Spread operator is used to access all elements inside of an iterable. Don't worry if the definition is not clear, we'll explain the operator in detail later on.
Iterable object is a computer science-y term for a category of data type: arrays, objects literals, and strings.
Spread operator's syntax is three dots ...
, which expands an iterable to the list of parameters.

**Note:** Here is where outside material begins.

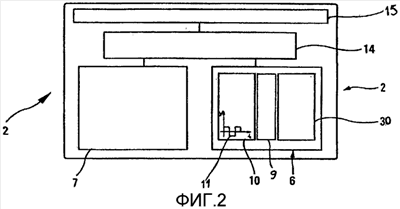 Как показано на фиг. 2, электронная схема прибора 2 в соответствии с настоящим изобретением содержит первый электронный модуль 6, предназначенный для измерения полного биоэлектрического сопротивления человека. Этот модуль содержит источник электрической энергии, в частности генератор 10 напряжения, предназначенный для выдачи электрического сигнала 11, проходящего через тело или исследуемую часть человеческого тела, когда последнее подсоединяют к электродам прибора, измерительный блок 30 и блок 9 обработки сигналов. Измерительный блок 30 принимает электрический сигнал 11 после его прохождения в человеческом теле между электродами 24, 26 измерения.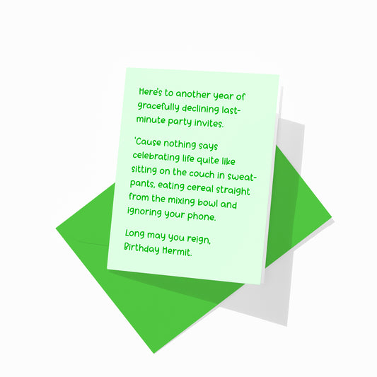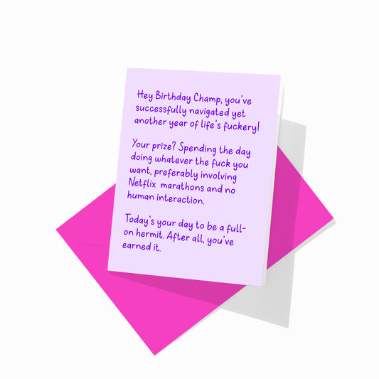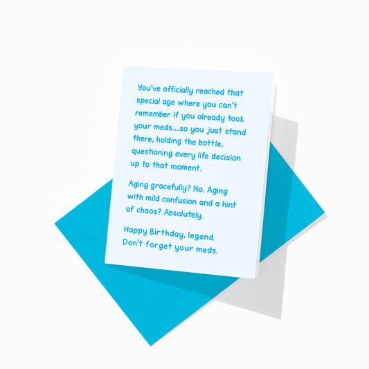 Funny birthday card with witty snarky humor message on front, blank inside.

Let's take a look at some examples:
const numbers = [1, 2, 3, 5];
const numbersCopy = [...numbers];
console.log(numbersCopy); // Prints "[1, 2, 3, 5]"
const user = {
name: "John",
surname: "Doe",
age: 18,
};
const userCopy = {...user};
// Prints { name: "John", surname: "Doe", age: 18 }
console.log(userCopy);
const string = "string";
// Converts string to array
const array = [...string];
console.log(array); // Prints ["s", "t", "r", "i", "n", "g" ] ha
const string = "string";
// Converts array to object
const object = {...string};
// Prints {"0": "s", "1": "t", "2": "r", "3": "i", "4": "n", "5": "g"}
console.log(object);
Important note: the spread operator does a shallow copy of an iterable.
Let's see the most popular use cases of the spread operator:
const parents = ["John", "Andrew"];
const children = ["Ann", "Rose"];
const humans = [...parents, ...children];
console.log(humans); // Prints ["John", "Andrew", "Ann", "Rose"]
Now, humans
array contains both parents
and children
.
The spread operator preserves the order in which the items were spread:
const parents = ["John", "Andrew"];
const children = ["Ann", "Rose"];
const humans = [...children, ...parents];
console.log(humans); // Prints ["Ann", "Rose", "John", "Andrew"]
Merging objects is very similar to merging arrays, but be aware that duplicate keys are overwritten:
const positiveNumbers = {
one: 1,
two: 2,
};
const negativeNumbers = {
minusOne: -1,
minusTwo: -2,
};
const numbers = {
...negativeNumbers,
...positiveNumbers,
};
// Prints "{ minusOne: -1, minusTwo: -2, one: 1, two: 2 }"
console.log(numbers);
Overriding duplicate keys:
const user = {
name: "John",
surname: "Doe",
nickname: "johndoe",
};
const updatedUser = {
name: "Andrew",
surname: "Hopkins",
nickname: "andrewhopkins",
};
const newUser = {
...user,
...updatedUser,
};
// Prints {name: "Andrew", surname: "Hopkins", nickname: "andrewhopkins"}
console.log(newUser);
Note, how in the example above all keys were overwritten with the new values.
This is encountered not that often, but still worth remembering about:
const add = (number1, number2, number3) => number1 + number2 + number3;
const numbers = [1, 2, 3];
// Spreads array of numbers to a function arguments
const result = add(...numbers);
console.log(result); // Prints "6"
Sometimes there is a need to update object property without mutating it. The spread operator offers great help in this case, let's see:
const user = {
name: "John",
surname: "Doe",
age: 18,
};
const newUser = {
...user,
age: 22,
};
// Prints {name: "John", surname: "Doe", age: 18}
console.log(user);
// Prints {name: "John", surname: "Doe", age: 22}
console.log(newUser);
Note, how the original object user
has not been mutated.
Important note: always remember that objects are copied by reference:
const user = {
name: "John",
surname: "Doe",
age: 18,
};
const newUser = user;
newUser.age = 22;
// Prints {name: "John", surname: "Doe", age: 22}
console.log(user);
// Prints {name: "John", surname: "Doe", age: 22}
console.log(newUser);
Remember us, saying that spread operator does a shallow copy of an iterable?
Shallow copy is a bit-wise copy of an object. A new object is created that has an exact copy of the values in the original object. If any of the fields of the object are references to other objects, just the reference addresses are copied i.e., only the memory address is copied.
Consider the following example:
const user = {
name: "John",
surname: "Doe",
other: {
age: 18,
},
};
const newUser = {
...user,
};
newUser.other.age = 22;
// Prints {name: "John", surname: "Doe", age: 22}
console.log(user);
// Prints {name: "John", surname: "Doe", age: 22}
console.log(newUser);
Property other
references to an object which contains age
. When doing shallow copy by using the spread operator, just the reference address of other
is copied, not the value itself.
That's why when we modify other.age
it gets updated in both user
and newUser
.
The rest pattern syntax allows us to represent an indefinite number of arguments as an array:
const numbers = [1, 2, 3, 5, 8];
const [firstNumber, ...rest] = numbers;
console.log(firstNumber); // Prints "1"
console.log(rest); // Prints "[2, 3, 5, 8]"
In the example above, the rest pattern collected all elements but the first one into an array.
Spread operator unpacks, rest packs:
const user = {
name: "John",
surname: "Doe",
age: 18,
};
// Pack all remaining elements into new object
const {name, ...rest} = user;
// Unpack all props of user into newUser
const newUser = {
...user,
};
...